Posted by: susan | July 12, 2011 at 03:25 PM
I totally agree with you. There are quite a few restaurants that I have not been to because I never seem to be able to manage to get there without the kids. That's life. At the end of the day, I'd rather take my kids to child friendly restaurants at appropriate hours than make them, me, and other people miserable by forcing the kids into a situation that's not appropriate.
And my personal pet peeve, having reservations after 9:00 pm at a restaurant where dinner for two runs in the hundreds of dollars, and having people with kids under the age of ten come in *later* than we do. Why??????
Posted by: Susan | July 12, 2011 at 04:45 PM
I totally agree with you.. and Susan!
I can't wait for the school year to restart. I'm tired of walking through soccer games in the middle of the grocery store just because I need milk. FFS!

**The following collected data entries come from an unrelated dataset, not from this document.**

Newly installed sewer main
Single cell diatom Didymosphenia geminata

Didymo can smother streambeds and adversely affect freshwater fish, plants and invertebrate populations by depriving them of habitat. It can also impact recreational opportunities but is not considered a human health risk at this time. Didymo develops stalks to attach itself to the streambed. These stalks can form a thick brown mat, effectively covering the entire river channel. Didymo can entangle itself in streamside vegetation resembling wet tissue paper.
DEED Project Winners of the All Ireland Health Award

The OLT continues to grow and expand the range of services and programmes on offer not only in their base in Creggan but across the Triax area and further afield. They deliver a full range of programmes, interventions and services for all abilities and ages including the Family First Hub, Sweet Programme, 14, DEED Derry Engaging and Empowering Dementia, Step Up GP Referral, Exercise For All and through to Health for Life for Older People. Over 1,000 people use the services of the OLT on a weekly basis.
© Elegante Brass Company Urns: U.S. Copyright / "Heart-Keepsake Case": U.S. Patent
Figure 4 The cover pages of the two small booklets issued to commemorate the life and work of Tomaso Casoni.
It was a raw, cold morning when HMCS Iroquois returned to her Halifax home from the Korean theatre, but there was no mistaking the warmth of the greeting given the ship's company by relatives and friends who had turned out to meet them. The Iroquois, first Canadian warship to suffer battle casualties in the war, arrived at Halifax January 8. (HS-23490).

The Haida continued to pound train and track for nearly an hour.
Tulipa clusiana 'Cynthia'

Posted by: Cookie | July 12, 2011 at 04:47 PM
Doesn't seem to be many standards that people feel apply to them. I think the kids are the collateral damage of parents who think the world revolves around them.

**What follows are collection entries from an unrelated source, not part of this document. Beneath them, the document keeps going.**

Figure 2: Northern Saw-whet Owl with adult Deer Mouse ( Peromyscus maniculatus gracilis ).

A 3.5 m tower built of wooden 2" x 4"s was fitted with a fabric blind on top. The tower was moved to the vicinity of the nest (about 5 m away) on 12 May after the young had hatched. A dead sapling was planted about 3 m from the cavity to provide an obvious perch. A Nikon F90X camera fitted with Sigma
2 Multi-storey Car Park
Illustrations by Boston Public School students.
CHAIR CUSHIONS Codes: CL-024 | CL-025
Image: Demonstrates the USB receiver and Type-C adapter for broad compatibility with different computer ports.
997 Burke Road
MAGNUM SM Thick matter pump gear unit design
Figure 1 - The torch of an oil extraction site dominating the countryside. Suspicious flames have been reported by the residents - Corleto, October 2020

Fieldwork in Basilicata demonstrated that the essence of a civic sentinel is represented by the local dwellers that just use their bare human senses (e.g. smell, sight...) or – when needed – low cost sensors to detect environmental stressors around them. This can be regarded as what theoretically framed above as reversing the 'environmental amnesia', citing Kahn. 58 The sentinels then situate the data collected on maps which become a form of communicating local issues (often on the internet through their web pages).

Posted by: Laurie | July 12, 2011 at 05:26 PM
Totally agree! Parents need to realize what their kids can and can not handle. When my kids were little, my son was the kid you didn't want near you in a restaurant...so we just didn't go until he was old enough to behave. They quickly learned....good behavior means going out to eat...bad behavior, we have to leave our good meal behind and go home.
Over the years as a single Mom, I could take my kids out and really enjoy their company and know that they would behave.
Today, Ken and I go out most every Friday night to a local eatery, not too far from Storyland. Thankfully they have an adults only section or we would not eat there. It absolutely amazes me how many parents today just don't even seem to "see" their children's bad behavior and as many have said....it's not the child as much as the parent not respecting the people around them nor the child....makes me crazy...LOL
Posted by: Kim | July 12, 2011 at 08:37 PM
As someone without kids, i'm always surprised by how kids behave in restaurants. Don't moms learn "the look" anymore? My mom had it, and it meant: if-you-don't-sit-down-and-stop-hitting-your-brother/sister-and-eat-your-dinner-we-will-leave-and-you-will-not-sit-down-for-a-week". But, my mom was known to leave a cart full of groceries in the store (bringing it to the front, of course) saying (loudly)" My children CANNOT behave in a supermarket, so I will have to LEAVE" Embarrassment: a good motivator ;)
Posted by: Kate | July 13, 2011 at 09:16 AM
I have two sons (12 and 9) but there were many nights where we went out only to the local pizza joint or a fast food place. They simply couldn't sit or behave very well when they were younger and I didn't feel it was right to subject other diners to that. I wish other parents of young kids would get the message too. Now that I can get out to a restaurant now and then, I really don't want squalling little ones near me when I dine!